We arrived in Kemmerer, an old mining and railroad town famous for the remarkable fossils found in the surrounding area. The town’s first two motels looked barely open or as if they rented only to people on a long-term basis, and the third asked too much for what was a grubby room. But we struck lucky with the fourth motel, one called the Antler. Its elaborate metal sign overlooking the main road suggested we had been transported to the 1950s or 1960s.
Kemmerer turned out to be the perfect place to stay for our last night on the road. It was an economically disadvantaged settlement, despite being on the Union Pacific Railroad and having gas and oil installations in the area, but there were enough landmark buildings in downtown to provide some stimulation. Moreover, even better things existed just a few miles west of the town at Fossil Butte National Monument, which we visited the following morning.

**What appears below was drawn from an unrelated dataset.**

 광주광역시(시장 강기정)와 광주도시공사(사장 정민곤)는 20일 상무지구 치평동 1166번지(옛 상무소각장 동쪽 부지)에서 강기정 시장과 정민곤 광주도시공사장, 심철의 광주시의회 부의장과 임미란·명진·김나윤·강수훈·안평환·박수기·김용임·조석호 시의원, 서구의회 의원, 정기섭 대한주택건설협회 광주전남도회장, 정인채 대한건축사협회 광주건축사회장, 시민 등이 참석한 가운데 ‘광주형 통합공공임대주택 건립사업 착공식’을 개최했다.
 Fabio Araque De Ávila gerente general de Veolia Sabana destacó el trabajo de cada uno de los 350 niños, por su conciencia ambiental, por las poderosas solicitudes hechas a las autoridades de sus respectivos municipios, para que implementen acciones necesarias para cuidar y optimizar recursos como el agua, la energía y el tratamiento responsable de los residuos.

Kemmerer was established in 1897 and incorporated in 1899. It prides itself on its coal mining heritage. A mine remains open about 6 miles from the town. Mining in and around Kemmerer began underground, but today’s one is said to be the largest open-pit coal mine in the world. The Union Pacific Coal Company opened the first underground mine in 1881 after construction of the Oregon Short Line Railroad from Granger to Oregon via Idaho.

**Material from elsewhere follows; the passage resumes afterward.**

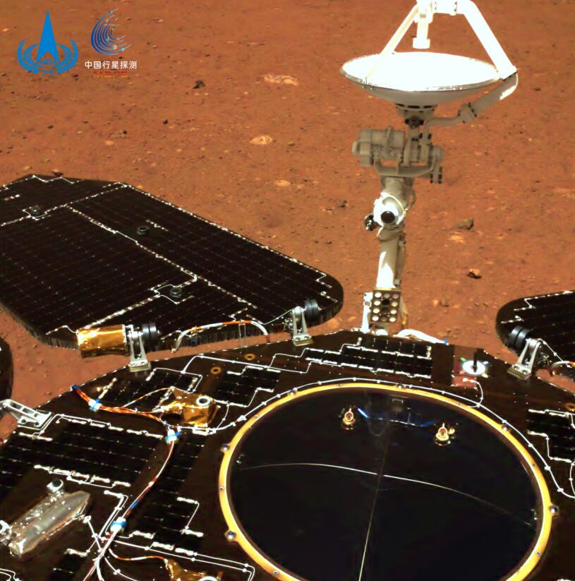 祝融號火星車也從火星表面?zhèn)骰刈耘恼?,相比剛剛著陸時拍的照片,可以看出火星車表面已積累了一層薄薄的沙塵。同時,通過火星車的遙測信息判斷,太陽翼的發(fā)電效率受到一定影響,但能源仍然充足。為了應(yīng)對沙塵覆蓋,火星車太陽翼進(jìn)行了特殊設(shè)計,可采取多種措施應(yīng)對沙塵引起的發(fā)電效率下降問題,目前尚無需使用,當(dāng)前能源狀態(tài)足以支持火星車?yán)^續(xù)行駛并開展探測。

Downtown, the notable buildings include Lincoln County Courthouse, the Town Hall, an eye-catching brick-built post office, a terrace of commercial buildings on South Main Street, the J. C. Penney Mother Store and the J. C. Penney Homestead, the latter a delightful but surprisingly modest house not far from the railroad.

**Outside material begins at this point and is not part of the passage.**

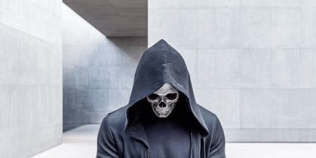 A figure wearing a dark hooded outfit and a skull mask stands in a stark, modern architectural space, creating an intriguing contrast. The surroundings emphasize the mysterious nature of the scene.

A little-known fact about Kemmerer is that J. C. (James Cash) Penney founded what was to become his chain of stores after moving to Kemmerer in 1902. Penney came to Kemmerer to open a dry goods store for the booming mining town. The original store still operates in Kemmerer, although it gives the impression that business is slack.
Kemmerer’s downtown has some ghost signs, painted adverts and murals, and it would be foolish not to admire the appearance of at least two of the motels (e.g. Chateau Motel). Note also that some buildings have art moderne embellishments of a modest kind, as befits a town that has never been very large.
Just for the fun of it, we drove the mile or two to the neighbouring settlement of Diamondville (in reality, there is no gap between the two settlements today) and were delighted that we did. Diamondville Avenue is the only street worth visiting, but a number of interesting buildings survive from the past. The buildings are largely constructed with brick, wood and corrugated iron. There are a garage, a blacksmith’s shop, a few other old structures and a one-time saloon. The one-time saloon now functions as a store selling antiques and bric-a-brac. Today, Diamondville Avenue shows very few signs of life, commercial or otherwise, but it has an enviable collection of landmark buildings worthy of preservation.
I went for a last walk around Kemmerer as the sun began to sink below the horizon. I took photos of two carved wooden figures outside Bob’s Rock Shop near the motel. The figures have stood there since about 2003. The owner of the shop purchased the elderly male figure in Shoshone, Wyoming and shortly thereafter bought the statue of the elderly female figure from someone living near Kemmerer. Although the figures derive from different sources, they look quite similar and therefore suggest that they might be husband and wife.